AI Article Synopsis
- The regulation of signaling proteins at immune cell interactions is crucial for controlling immune responses and understanding their initiation and termination.
- The complexity of real immune cell interactions and their transient nature pose challenges for detailed study, particularly with advanced imaging techniques.
- A new system using synthetic vesicles to mimic immune cell surfaces allows for controlled experimentation to explore the spatial distribution of signaling molecules during immune signaling initiation.
Article Abstract
The spatiotemporal regulation of signalling proteins at the contacts formed between immune cells and their targets determines how and when immune responses begin and end.

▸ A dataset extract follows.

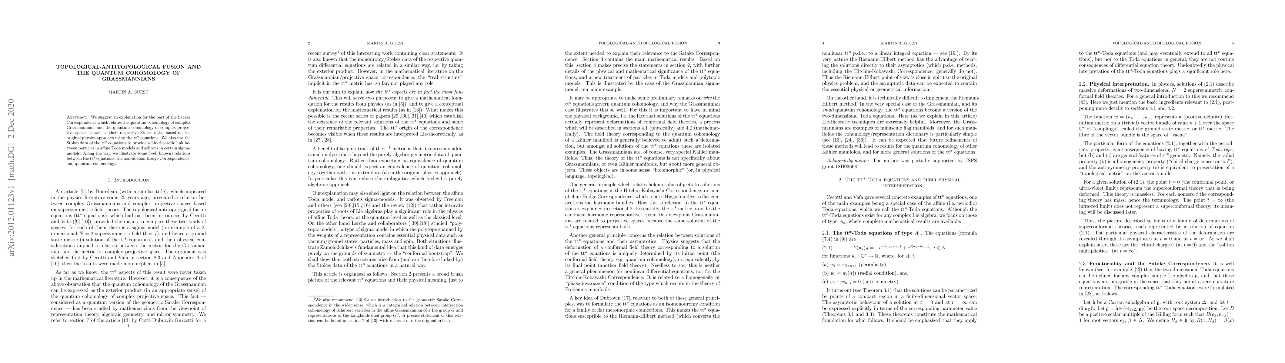 This paper explains the Satake Correspondence linking the quantum cohomology of Grassmannians and projective spaces using tt* equations, and draws connections between affine Toda model particles and sigma-model solitons through Stokes data. It also highlights relationships between the tt* equations, non-abelian Hodge Correspondence, and quantum cohomology.

Therapeutic control of immune responses therefore relies on thorough elucidation of the molecular processes occurring at these interfaces. However, the detailed investigation of each component's contribution to the formation and regulation of the contact is hampered by the complexities of cell composition and architecture. Moreover, the transient nature of these interactions creates additional challenges, especially in the use of advanced imaging technology. One approach that circumvents these problems is to establish systems that faithfully mimic immune cell interactions, but allow complexity to be 'dialled-in' as needed. Here, we present an system that makes use of synthetic vesicles that mimic important aspects of immune cell surfaces. Using this system, we began to explore the spatial distribution of signalling molecules (receptors, kinases and phosphatases) and how this changes during the initiation of signalling. The GUV/cell system presented here is expected to be widely applicable.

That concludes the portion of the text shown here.